-------- INPUT DATA --------

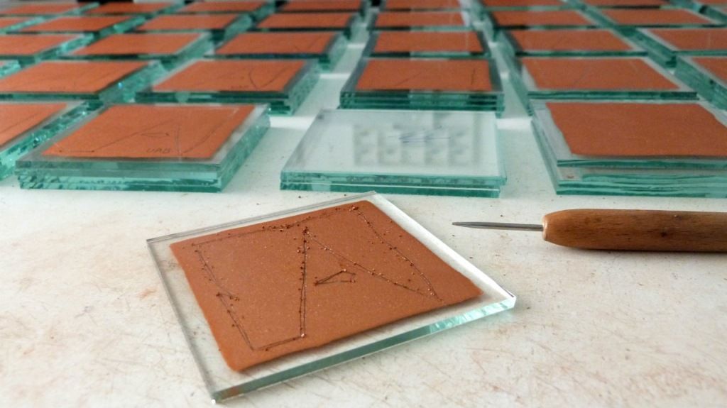 Desde el año 2010 vamos realizando este tipo de pieza en vidrio float, con inclusión de pigmentos metálicos, fundida en el horno de nuestro estudio.
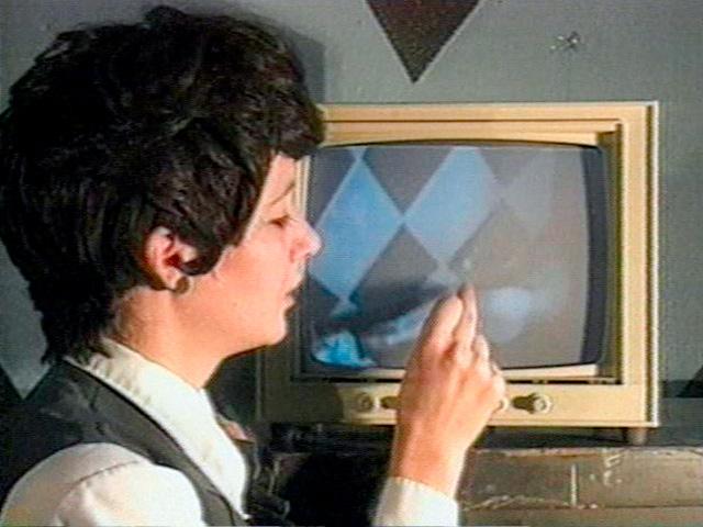 This live image is colorized by a device which adds color to a black and white image and in turn manipulates the color. Colorized color is more opaque and less three-dimensionally tactile than synthesized color, but it is tactile in its video scan-line texture.5
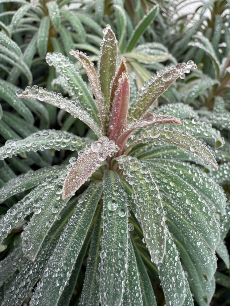 Da sehe ich doch eine euphorbia auf dem Bild dann hier ein Bild von heute Morgen im Hintergrund eine braune nepeta

--------

- ABOUT THIS EXERCISE: Restate the listing above word for word and skip each picture.

- WRITTEN REPLY:
 Desde el año 2010 vamos realizando este tipo de pieza en vidrio float, con inclusión de pigmentos metálicos, fundida en el horno de nuestro estudio.
 This live image is colorized by a device which adds color to a black and white image and in turn manipulates the color. Colorized color is more opaque and less three-dimensionally tactile than synthesized color, but it is tactile in its video scan-line texture.5
 Da sehe ich doch eine euphorbia auf dem Bild dann hier ein Bild von heute Morgen im Hintergrund eine braune nepeta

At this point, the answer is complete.